"""

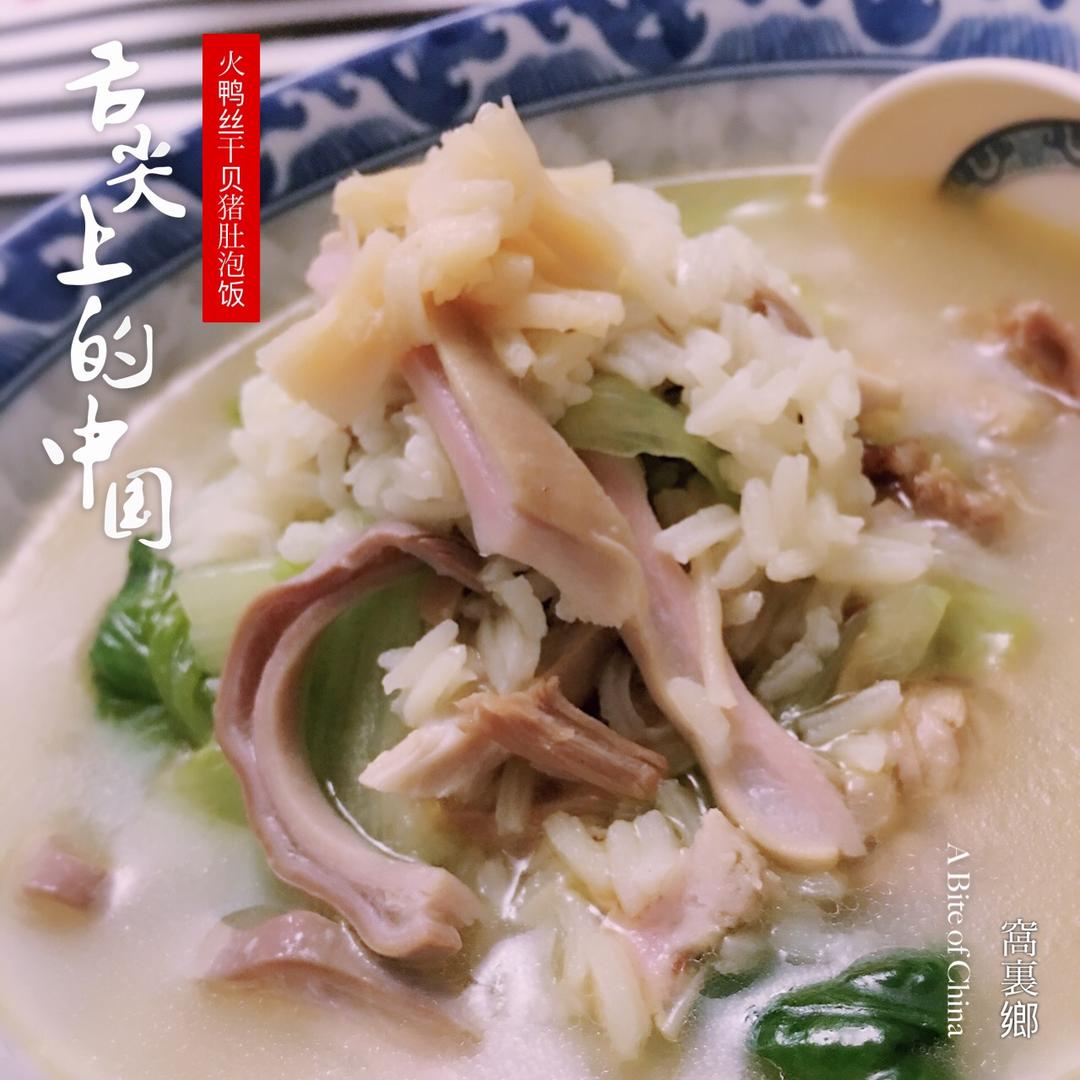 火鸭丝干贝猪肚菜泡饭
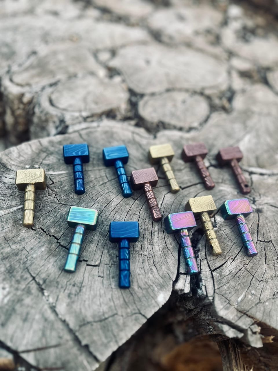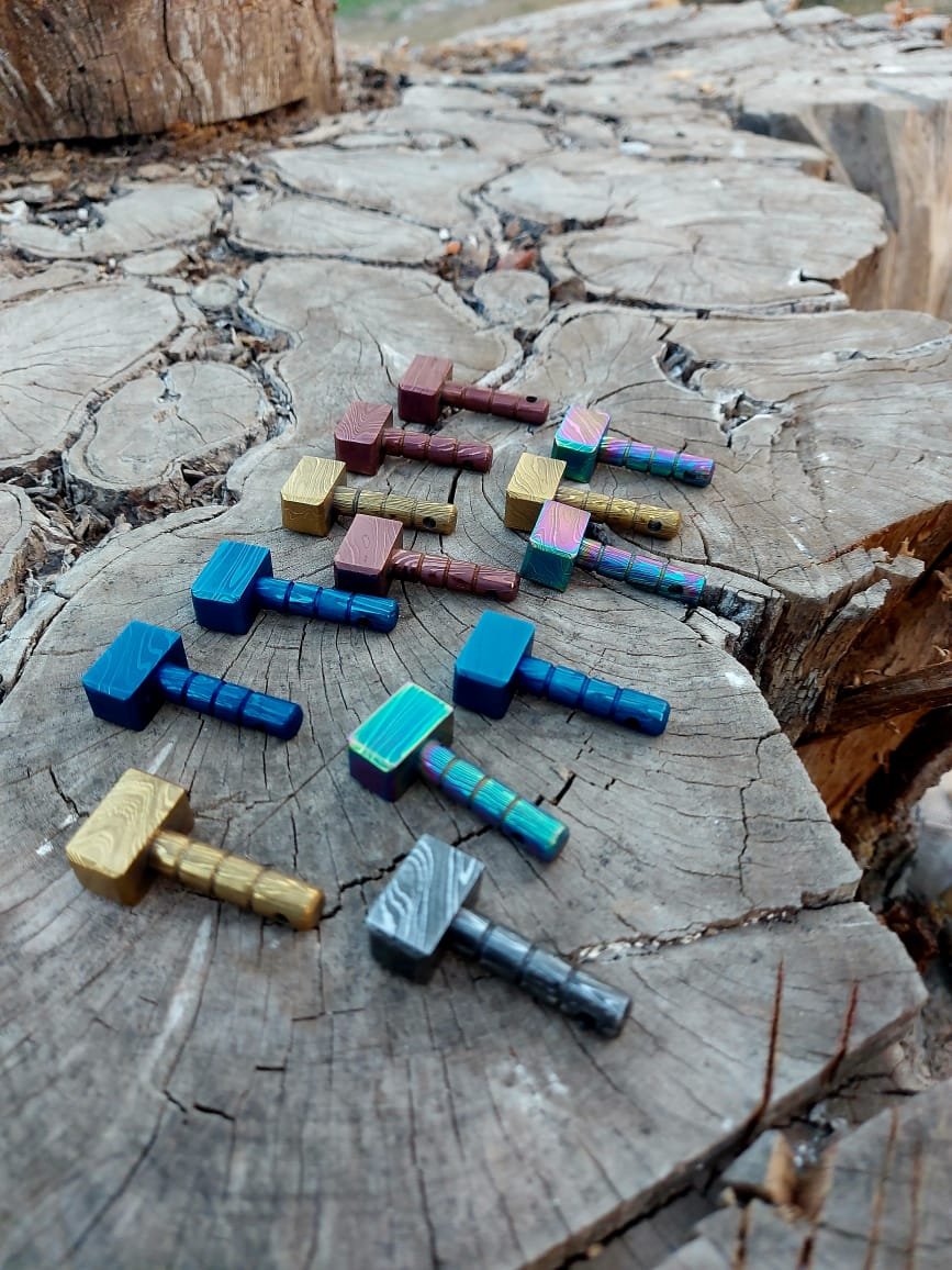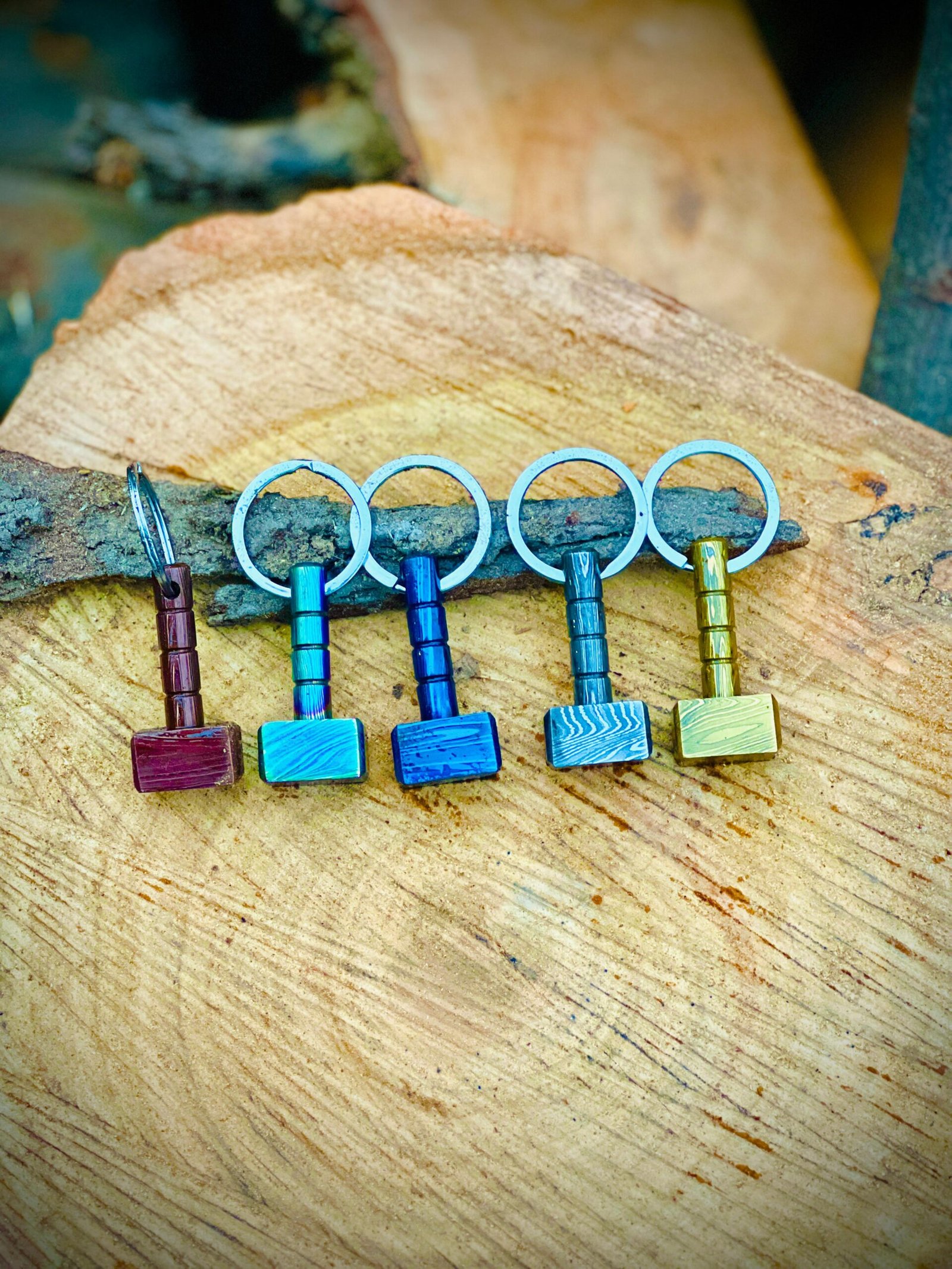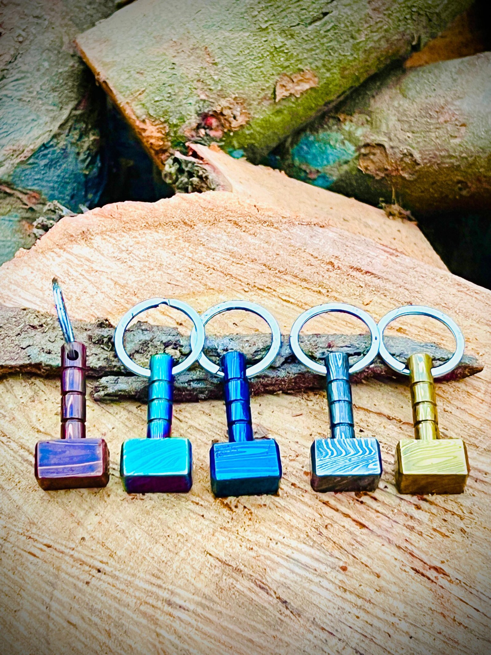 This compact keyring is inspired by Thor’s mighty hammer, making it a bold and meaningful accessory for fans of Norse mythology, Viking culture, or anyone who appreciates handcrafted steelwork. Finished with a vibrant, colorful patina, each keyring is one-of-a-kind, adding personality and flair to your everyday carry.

"""
"""

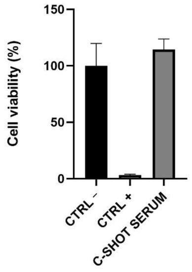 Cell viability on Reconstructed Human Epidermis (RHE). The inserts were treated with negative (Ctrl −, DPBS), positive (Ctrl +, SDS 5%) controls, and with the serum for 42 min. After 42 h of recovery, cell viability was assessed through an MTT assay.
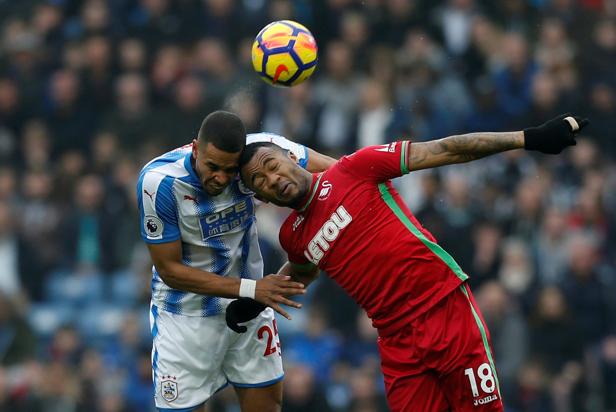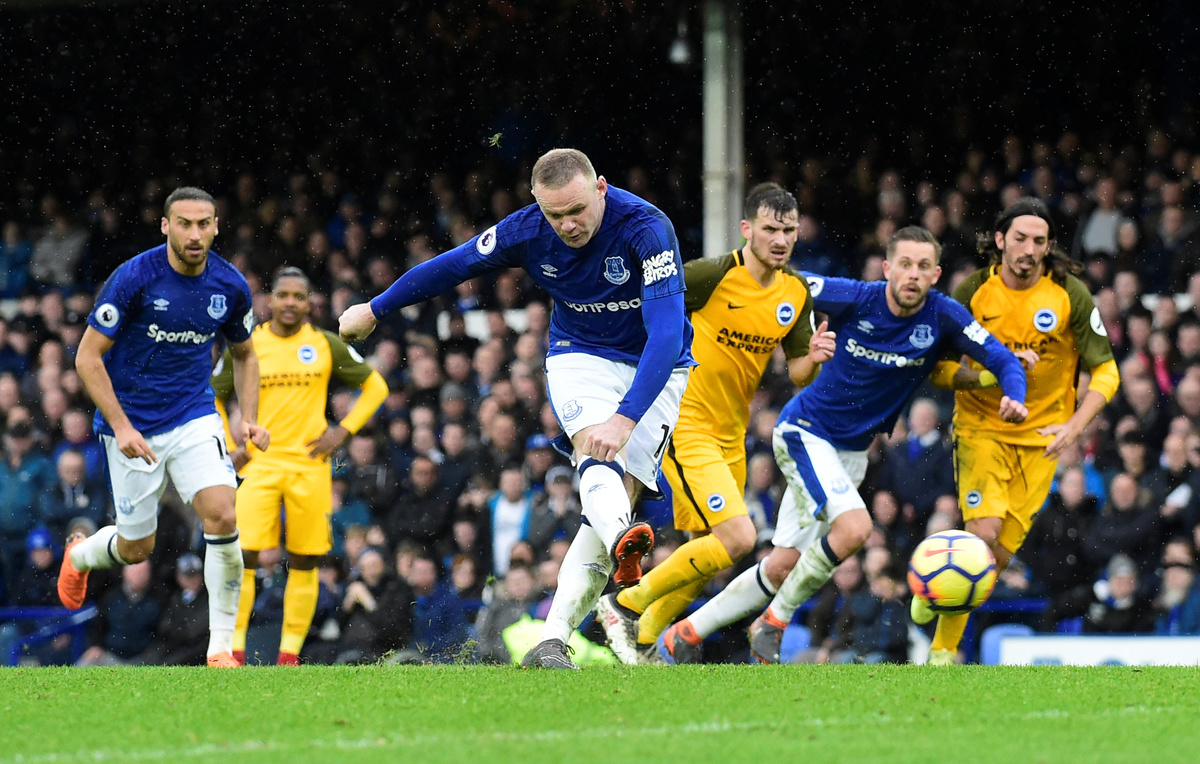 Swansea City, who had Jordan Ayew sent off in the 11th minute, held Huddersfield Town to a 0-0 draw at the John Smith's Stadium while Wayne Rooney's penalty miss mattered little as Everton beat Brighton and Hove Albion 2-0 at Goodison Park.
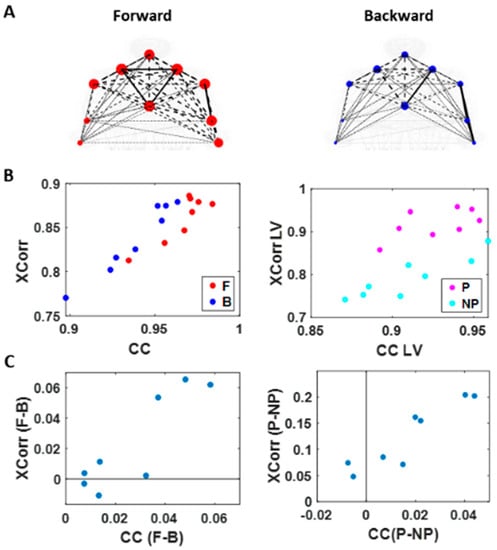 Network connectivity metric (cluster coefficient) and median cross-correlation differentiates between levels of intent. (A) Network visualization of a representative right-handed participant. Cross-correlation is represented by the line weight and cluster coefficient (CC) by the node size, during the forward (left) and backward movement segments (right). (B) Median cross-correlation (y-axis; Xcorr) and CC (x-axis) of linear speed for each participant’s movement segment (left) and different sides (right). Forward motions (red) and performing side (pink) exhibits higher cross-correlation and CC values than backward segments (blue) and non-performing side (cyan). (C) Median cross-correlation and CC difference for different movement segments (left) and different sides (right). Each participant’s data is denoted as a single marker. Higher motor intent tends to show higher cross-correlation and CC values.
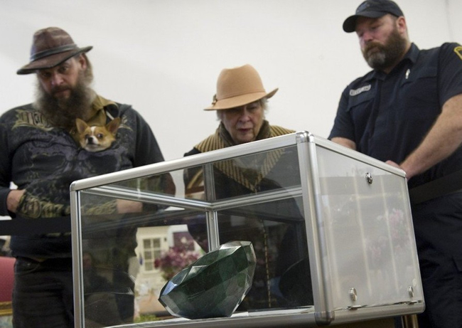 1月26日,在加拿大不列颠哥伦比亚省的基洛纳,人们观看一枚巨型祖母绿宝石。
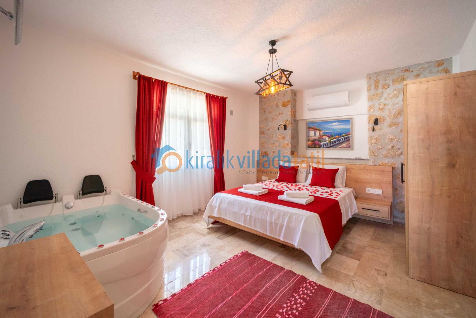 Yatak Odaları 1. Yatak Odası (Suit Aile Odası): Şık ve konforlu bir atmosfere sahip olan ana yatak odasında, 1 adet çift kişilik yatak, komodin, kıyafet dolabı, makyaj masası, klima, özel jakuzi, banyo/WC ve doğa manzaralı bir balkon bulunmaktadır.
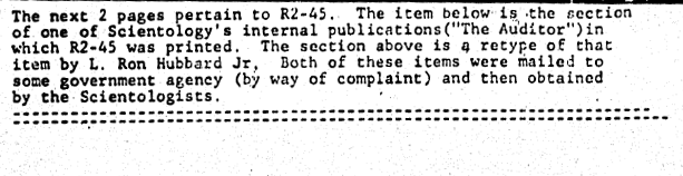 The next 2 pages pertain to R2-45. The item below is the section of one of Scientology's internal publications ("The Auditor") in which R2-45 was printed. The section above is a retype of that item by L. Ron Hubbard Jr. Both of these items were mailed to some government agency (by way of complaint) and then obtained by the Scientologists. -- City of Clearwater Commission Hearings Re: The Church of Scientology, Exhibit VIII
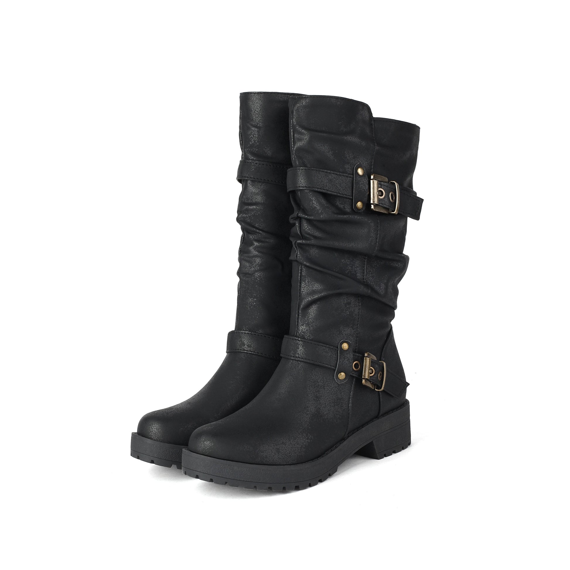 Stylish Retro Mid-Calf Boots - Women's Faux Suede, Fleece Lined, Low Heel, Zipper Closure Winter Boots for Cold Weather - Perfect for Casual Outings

"""

▶ [Exercise prompt] Pictures in the entries do not go into the copy. Print only the lines starting at the one containing "1月26日,在加拿大不列颠哥伦比亚省的基洛纳,人们观看一枚巨型祖母绿宝石。" and ending at the one containing "Stylish Retro Mid-Calf", exactly as they appear.

▶ [Response to this exercise]
 1月26日,在加拿大不列颠哥伦比亚省的基洛纳,人们观看一枚巨型祖母绿宝石。
 Yatak Odaları 1. Yatak Odası (Suit Aile Odası): Şık ve konforlu bir atmosfere sahip olan ana yatak odasında, 1 adet çift kişilik yatak, komodin, kıyafet dolabı, makyaj masası, klima, özel jakuzi, banyo/WC ve doğa manzaralı bir balkon bulunmaktadır.
 The next 2 pages pertain to R2-45. The item below is the section of one of Scientology's internal publications ("The Auditor") in which R2-45 was printed. The section above is a retype of that item by L. Ron Hubbard Jr. Both of these items were mailed to some government agency (by way of complaint) and then obtained by the Scientologists. -- City of Clearwater Commission Hearings Re: The Church of Scientology, Exhibit VIII
 Stylish Retro Mid-Calf Boots - Women's Faux Suede, Fleece Lined, Low Heel, Zipper Closure Winter Boots for Cold Weather - Perfect for Casual Outings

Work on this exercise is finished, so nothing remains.